== EXERCISE OBJECTIVE ==
Pictures are to be omitted, and every entry below is to be restated exactly.

Collection entries
------------------------------------------------

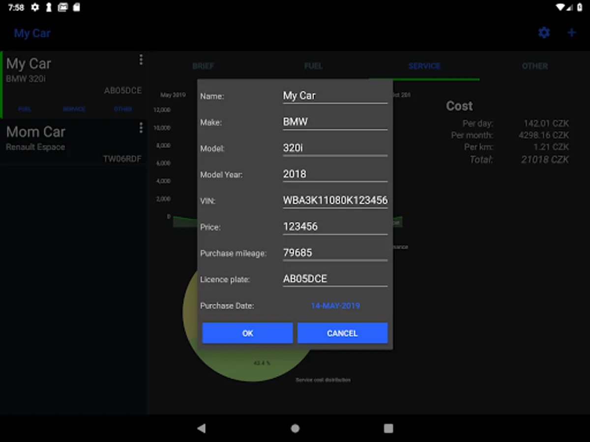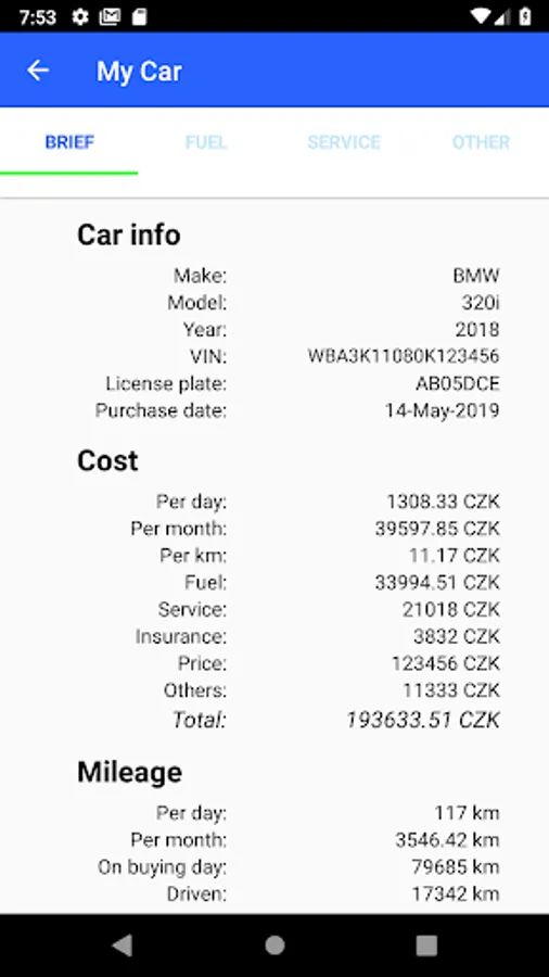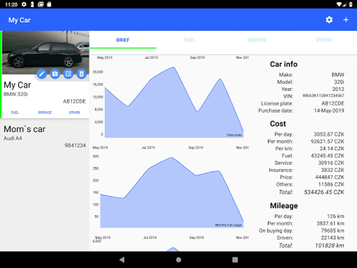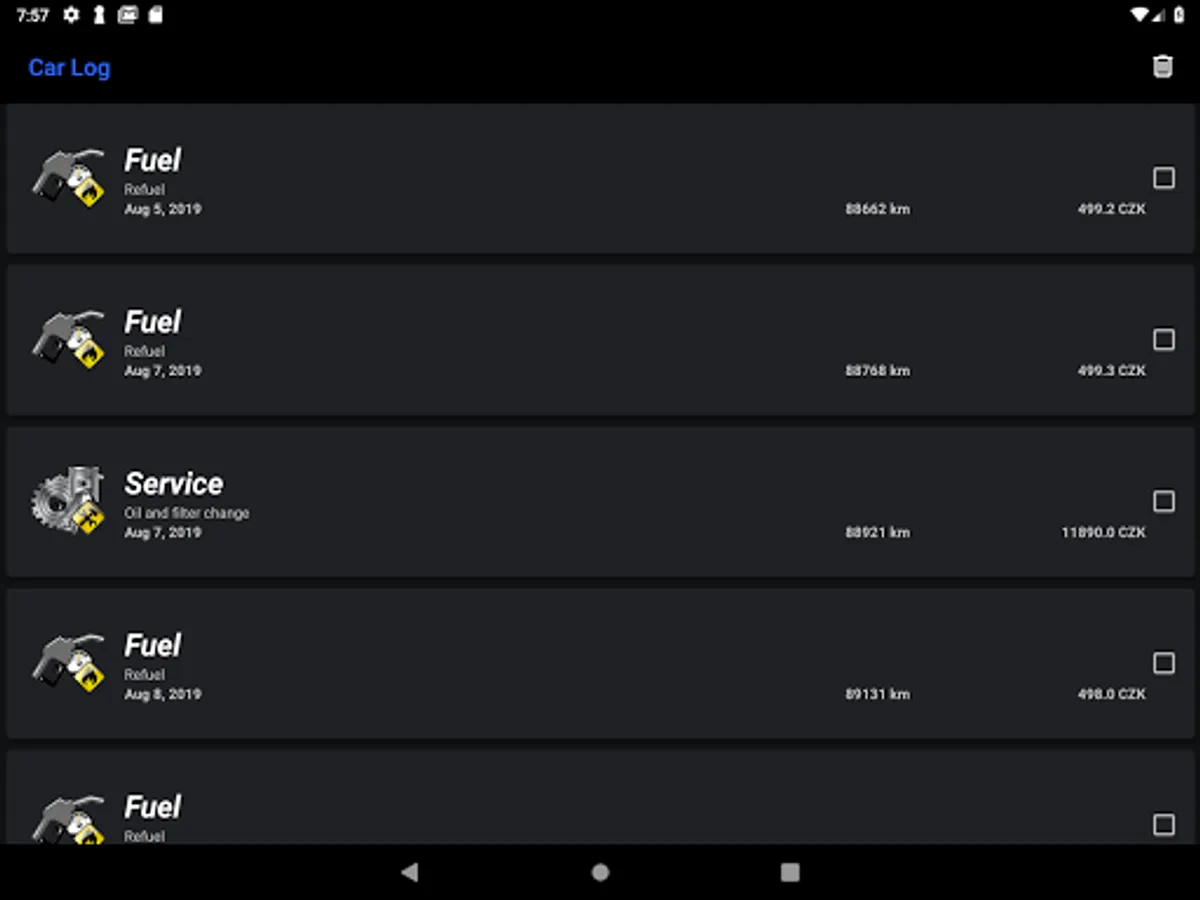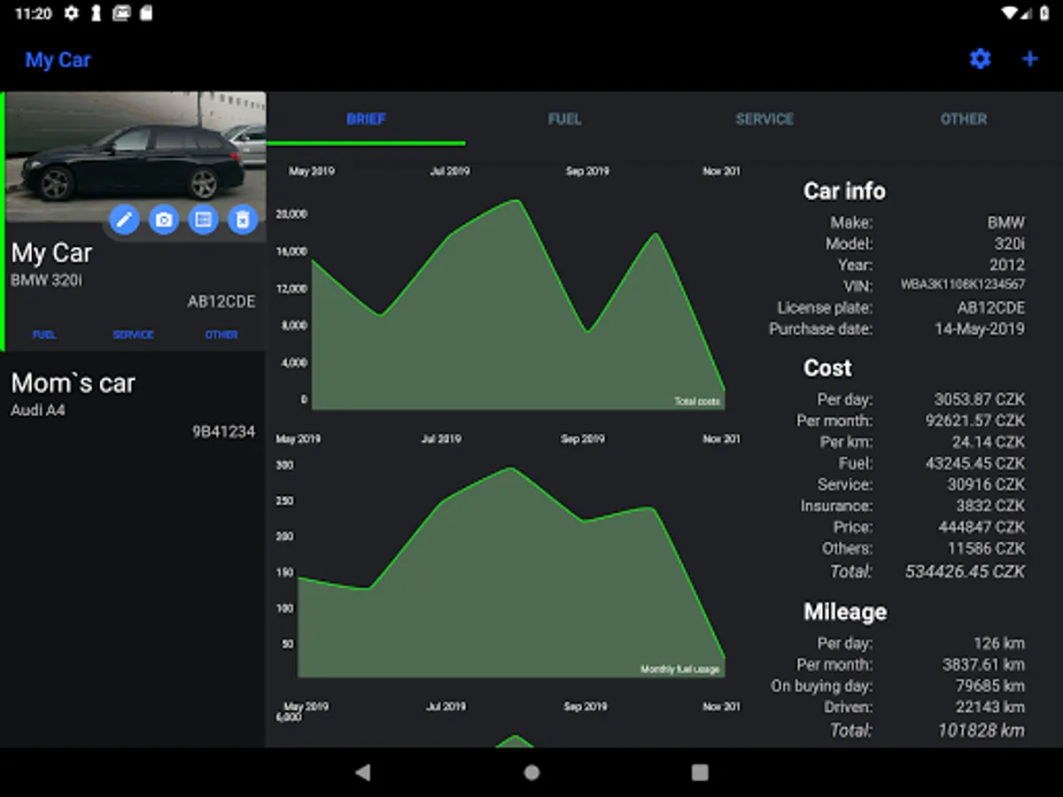 Car Log Free is an easy to use android application with which you'll be able to track your car expenses, service costs, fuel consumption, car´s mileage and so on. With Car Log Free ou'll be able to see in detail how much money you spend on service, on fuel; what are the running costs for your car per day, month, year or km. It can also sync data in Google Drive, so you can use the app on multiple devices. And it will also sync data with the paid version of the app.
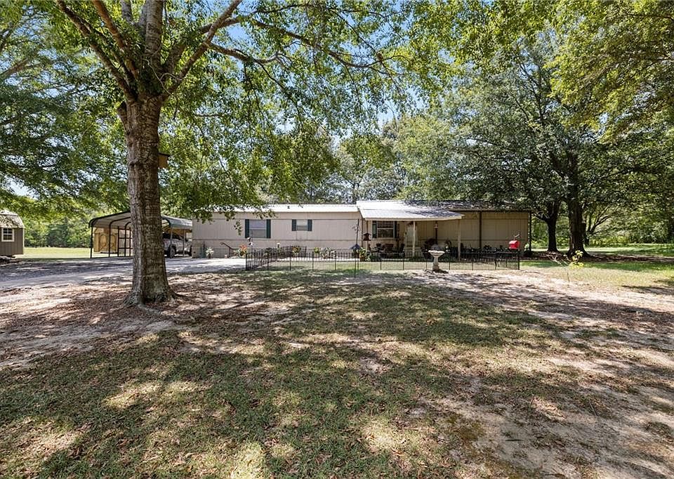 Welcome to this charming property nestled on 1.5 acres of tranquil land. As you drive up the road, you'll immediately appreciate the seclusion & privacy this property provides, making it an ideal retreat from the hustle & bustle of city life. The highlight of this peaceful estate is its well-maintained grounds. Outside has many features: Horse barn is a true gem for horse lovers, with 2 stalls & tack room, also has large fenced in area for animals, whole home Generac generator, metal roof 5 years old, new well pump, new skirting, deck/patio, 2 storage sheds, covered parking, lush greenery & mature trees.
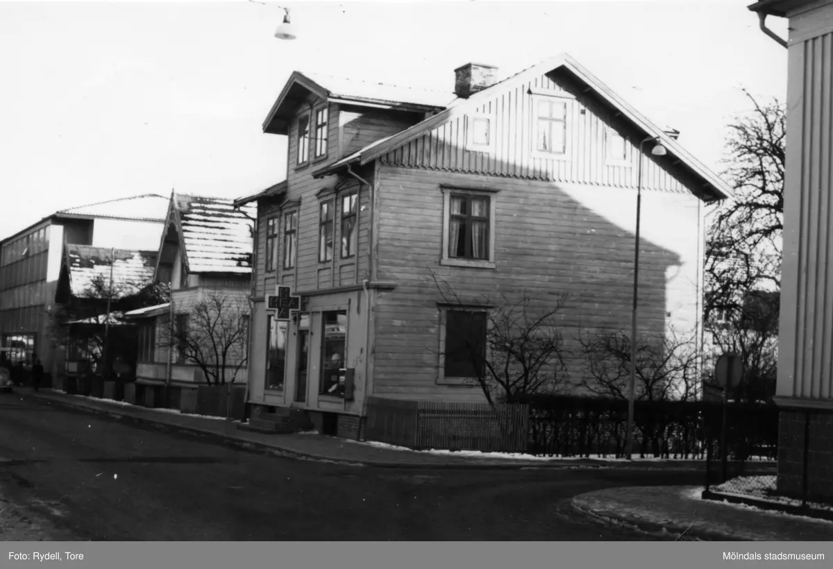 Bebyggelse på Frölundagatan i Mölndalbro, Mölndal, en vinterdag på 1960-talet.
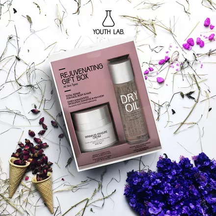 Και επειδή είτε πριν είτε μετά τις γιορτές μία ανάγκη για ολική αναδόμηση σίγουρα θα την έχεις (κι εσύ κι εγώ) τι καλύτερο από το Rejuvenating Gift Box της Youth Lab που περιέχει την Wrinkles Erasure Cream για επαναφορά της νεανικής λάμψης και ελαστικότητας του δέρματος, λείανση των λεπτών γραμμών και ρυτίδων και ενεργοποίηση των βιολογικών λειτουργιών των κυττάρων, επιταχύνοντας την κυτταρική ανανέωση και το Dry Oil για πρόσωπο, σώμα & μαλλιά που χαρίζει βαθιά ενυδάτωση και θρέψη της επιδερμίδας, λείανση των ρυτίδων και επαναφορά της ελαστικότητας, με αντιοξειδωτική δράση για προστασία από τις ελεύθερες ρίζες και την πρόωρη γήρανση.
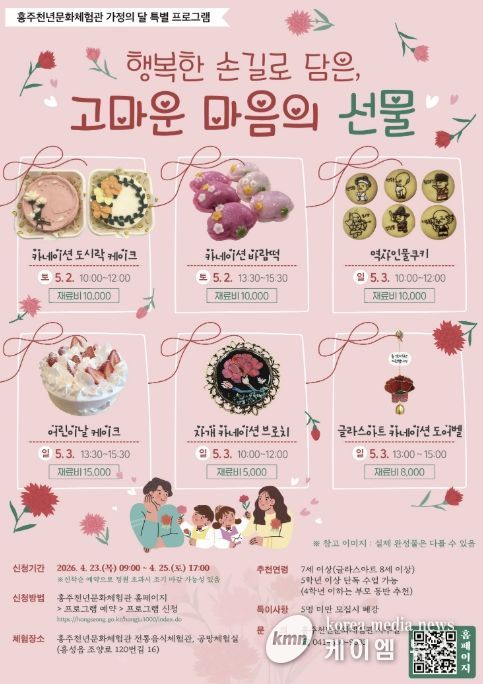 (케이엠뉴스) 홍성군 홍주천년문화체험관은 가정의 달을 맞아 오는 5월 2일부터 3일까지 이틀간 특별 프로그램 “행복한 손길로 담은 고마운 마음의 선물”을 운영한다.
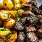 Savor the rich flavors of tender sirloin steak bites cooked in creamy garlic butter alongside golden, herb-seasoned Yukon gold potatoes for a comforting and delicious meal.
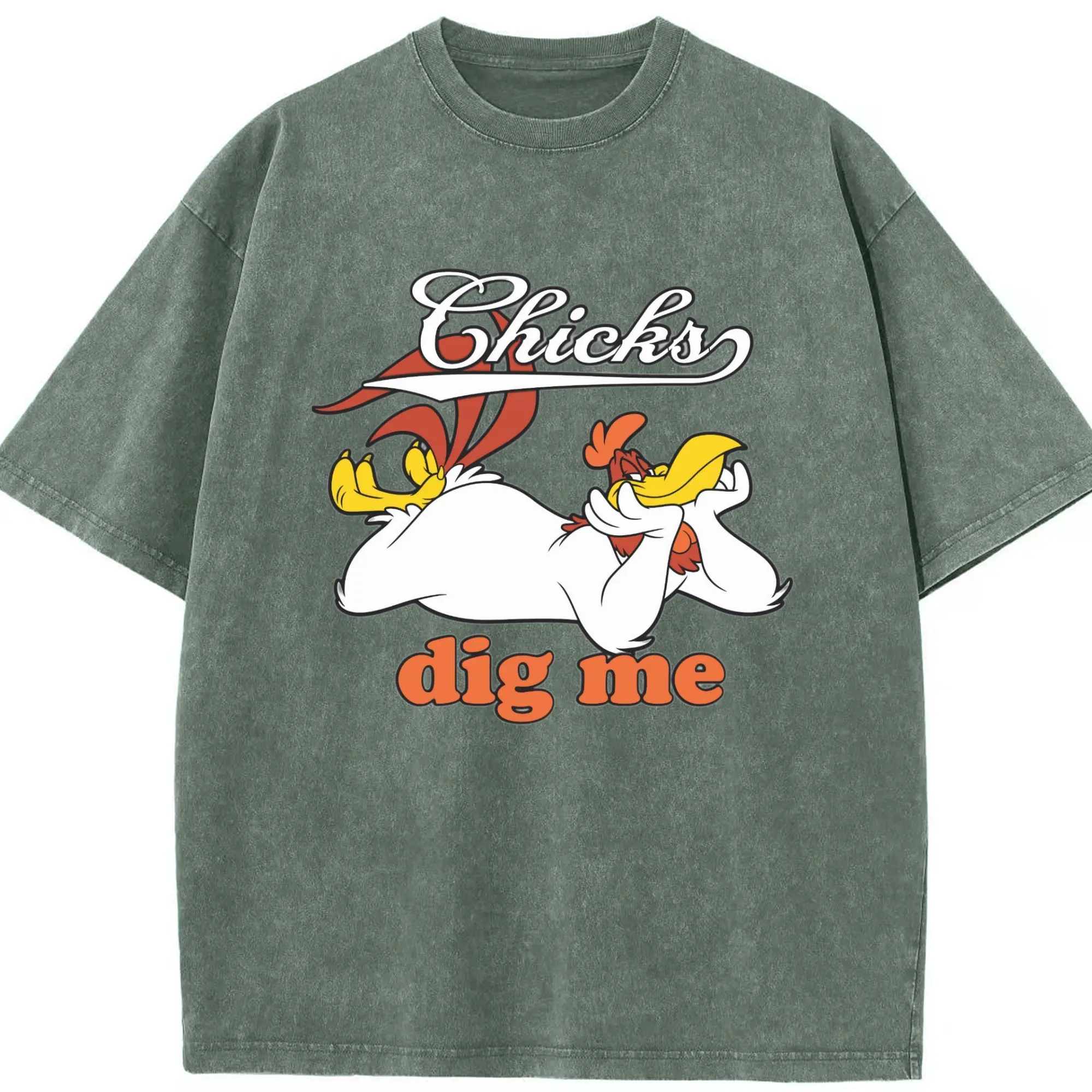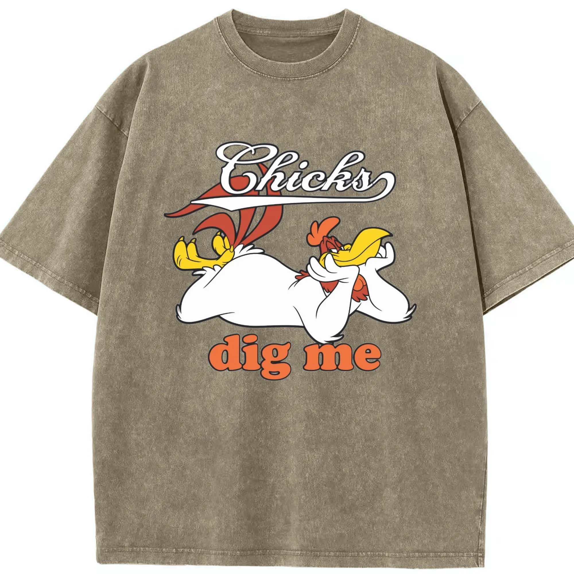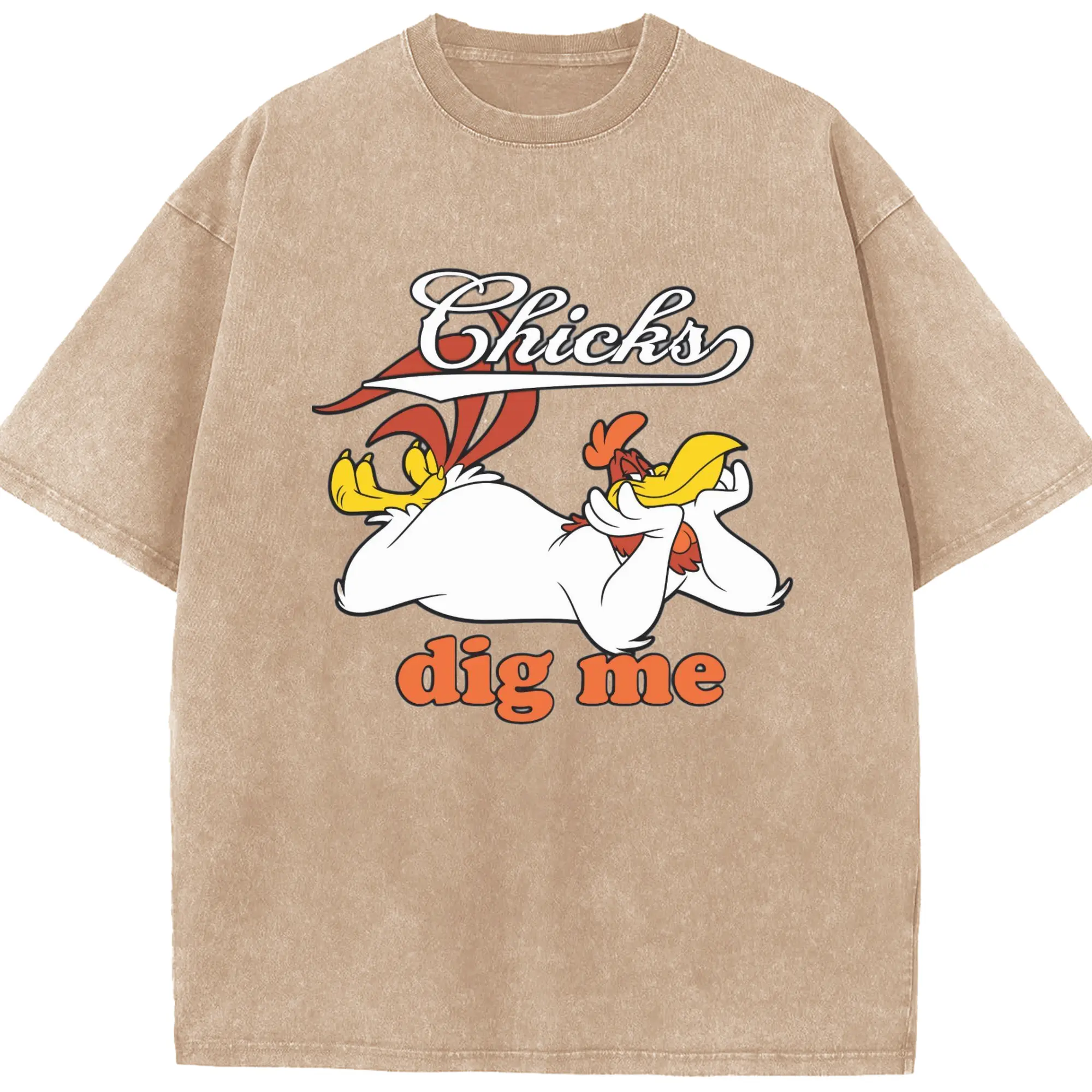 Foghorn Leghorn shirt - Washed Vintage Look 230g Cotton Oversized T-Shirt With Front Heat Transfer Print – Soft, Lightweight, Stylish Fit – Comfortable Casual Wear For Sports & Everyday Use
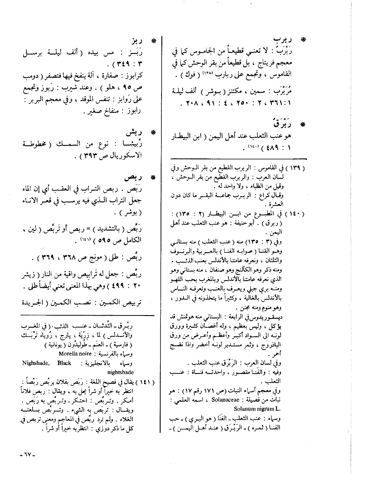 • رَبْرَقٌ: هو عنب الثعلب عند أهل اليمن (ابن البيطار 1: 489).
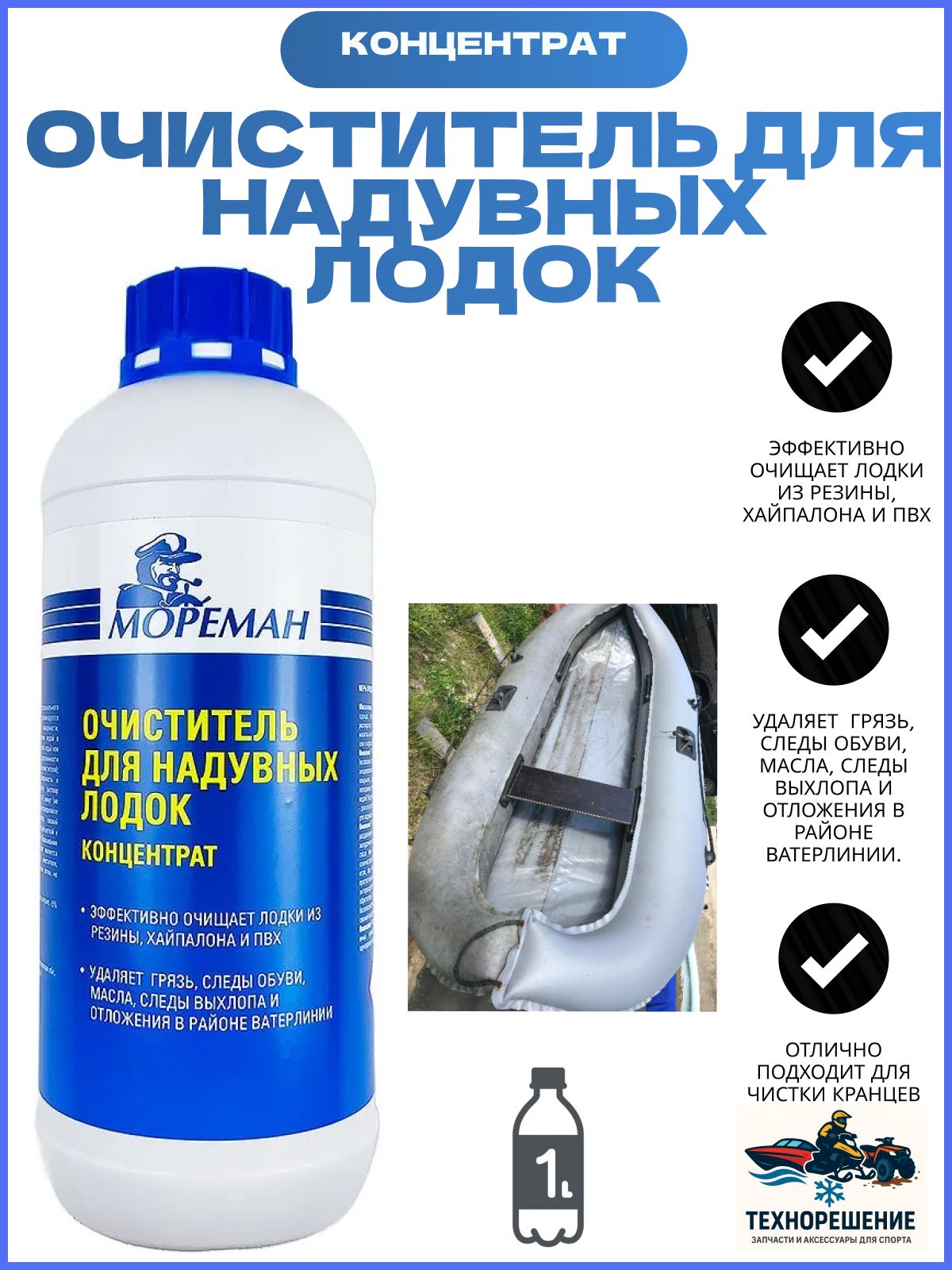 Очиститель для надувных лодок "Мореман" ( 1 л ) (10269646). Очиститель для надувных лодок МОРЕМАН, концентрат. • Эффективно очищает лодки из резины, хайпалона и ПВХ.• Удаляет грязь,
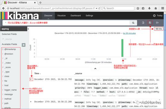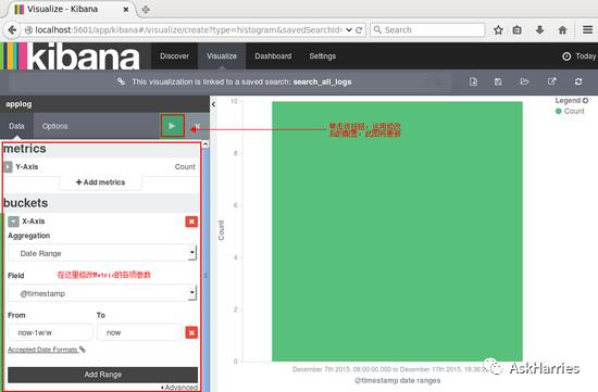 点击右边的保存按钮,保存该查询为search_all_logs。接下来去Visualize页面,点击新建一个柱状图(Vertical Bar Chart),然后选择刚刚保存的查询search_all_logs,之后,Kibana将生成类似于下图的柱状图(只有10条日志,而且是在同一时间段的,比较丑,但足可以说明问题了:) ):

------------------------------------------------

== OUTPUT OF THE TASK ==
 Car Log Free is an easy to use android application with which you'll be able to track your car expenses, service costs, fuel consumption, car´s mileage and so on. With Car Log Free ou'll be able to see in detail how much money you spend on service, on fuel; what are the running costs for your car per day, month, year or km. It can also sync data in Google Drive, so you can use the app on multiple devices. And it will also sync data with the paid version of the app.
 Welcome to this charming property nestled on 1.5 acres of tranquil land. As you drive up the road, you'll immediately appreciate the seclusion & privacy this property provides, making it an ideal retreat from the hustle & bustle of city life. The highlight of this peaceful estate is its well-maintained grounds. Outside has many features: Horse barn is a true gem for horse lovers, with 2 stalls & tack room, also has large fenced in area for animals, whole home Generac generator, metal roof 5 years old, new well pump, new skirting, deck/patio, 2 storage sheds, covered parking, lush greenery & mature trees.
 Bebyggelse på Frölundagatan i Mölndalbro, Mölndal, en vinterdag på 1960-talet.
 Και επειδή είτε πριν είτε μετά τις γιορτές μία ανάγκη για ολική αναδόμηση σίγουρα θα την έχεις (κι εσύ κι εγώ) τι καλύτερο από το Rejuvenating Gift Box της Youth Lab που περιέχει την Wrinkles Erasure Cream για επαναφορά της νεανικής λάμψης και ελαστικότητας του δέρματος, λείανση των λεπτών γραμμών και ρυτίδων και ενεργοποίηση των βιολογικών λειτουργιών των κυττάρων, επιταχύνοντας την κυτταρική ανανέωση και το Dry Oil για πρόσωπο, σώμα & μαλλιά που χαρίζει βαθιά ενυδάτωση και θρέψη της επιδερμίδας, λείανση των ρυτίδων και επαναφορά της ελαστικότητας, με αντιοξειδωτική δράση για προστασία από τις ελεύθερες ρίζες και την πρόωρη γήρανση.
 (케이엠뉴스) 홍성군 홍주천년문화체험관은 가정의 달을 맞아 오는 5월 2일부터 3일까지 이틀간 특별 프로그램 “행복한 손길로 담은 고마운 마음의 선물”을 운영한다.
 Savor the rich flavors of tender sirloin steak bites cooked in creamy garlic butter alongside golden, herb-seasoned Yukon gold potatoes for a comforting and delicious meal.
 Foghorn Leghorn shirt - Washed Vintage Look 230g Cotton Oversized T-Shirt With Front Heat Transfer Print – Soft, Lightweight, Stylish Fit – Comfortable Casual Wear For Sports & Everyday Use
 • رَبْرَقٌ: هو عنب الثعلب عند أهل اليمن (ابن البيطار 1: 489).
 Очиститель для надувных лодок "Мореман" ( 1 л ) (10269646). Очиститель для надувных лодок МОРЕМАН, концентрат. • Эффективно очищает лодки из резины, хайпалона и ПВХ.• Удаляет грязь,
 点击右边的保存按钮,保存该查询为search_all_logs。接下来去Visualize页面,点击新建一个柱状图(Vertical Bar Chart),然后选择刚刚保存的查询search_all_logs,之后,Kibana将生成类似于下图的柱状图(只有10条日志,而且是在同一时间段的,比较丑,但足可以说明问题了:) ):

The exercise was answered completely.